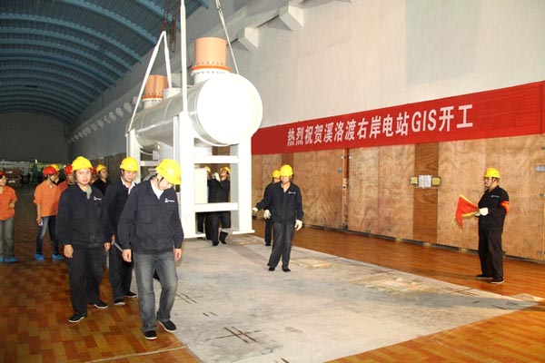 2012年7月,溪洛渡右岸電站500千伏GIS室第一臺(tái)斷路器吊裝就位,拉開(kāi)了我公司在右岸電站開(kāi)關(guān)站安裝的序幕。
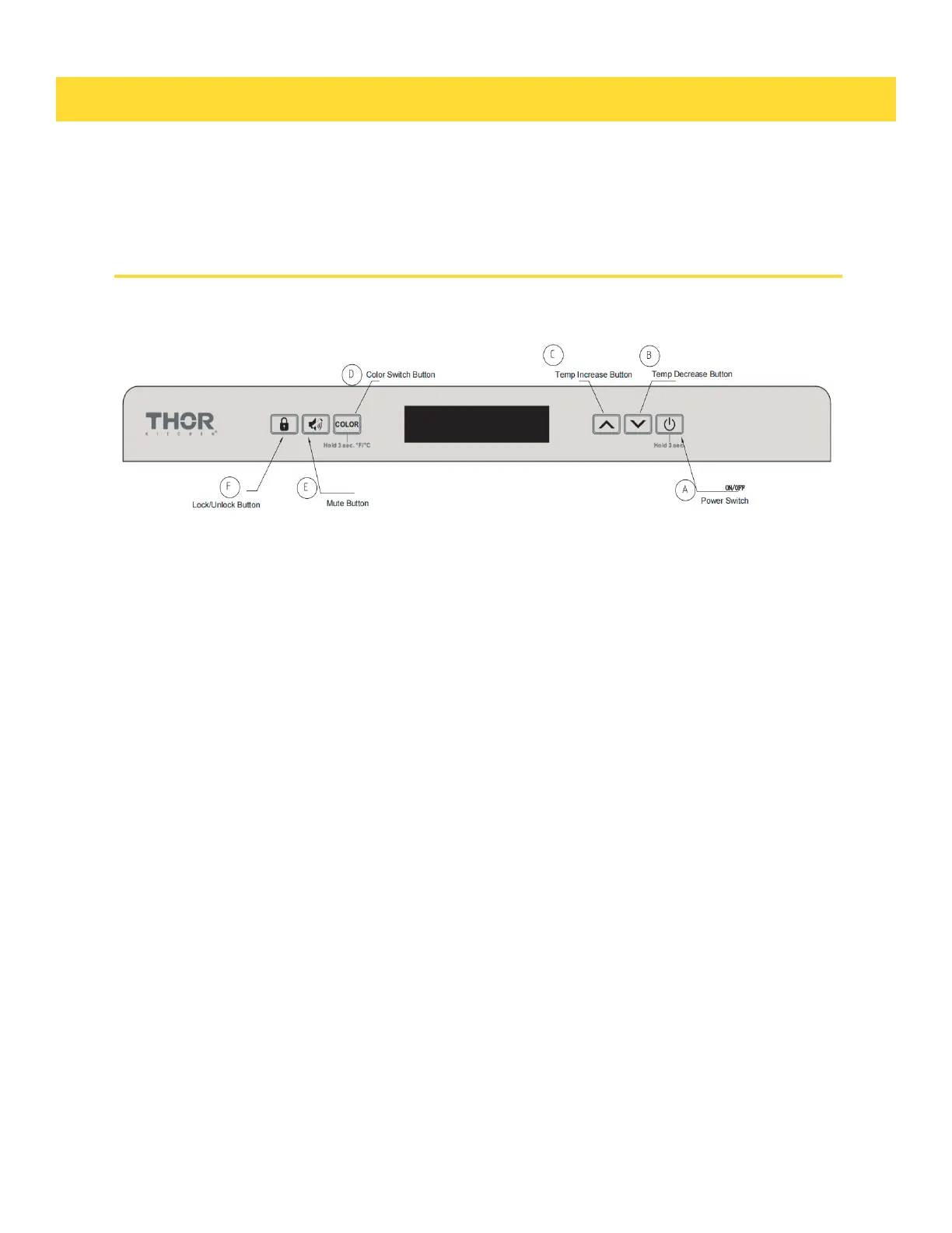 B. Temp Decreases Button: Used to lower (cool) the set temperature by 1°C or 1°F. When the screen is
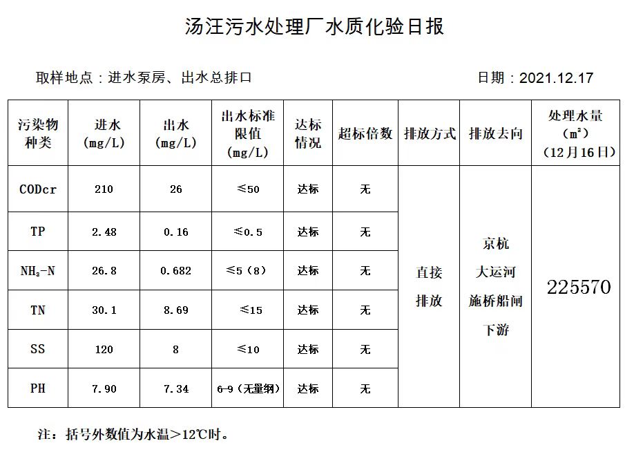 汤汪污水处理厂水质化验日报(2021.12.17)

※

- [TASK OBJECTIVE]:
Without including any images, output the data exactly as given.

- [SOLUTION TO THIS EXERCISE]:
 2012年7月,溪洛渡右岸電站500千伏GIS室第一臺(tái)斷路器吊裝就位,拉開(kāi)了我公司在右岸電站開(kāi)關(guān)站安裝的序幕。
 B. Temp Decreases Button: Used to lower (cool) the set temperature by 1°C or 1°F. When the screen is
 汤汪污水处理厂水质化验日报(2021.12.17)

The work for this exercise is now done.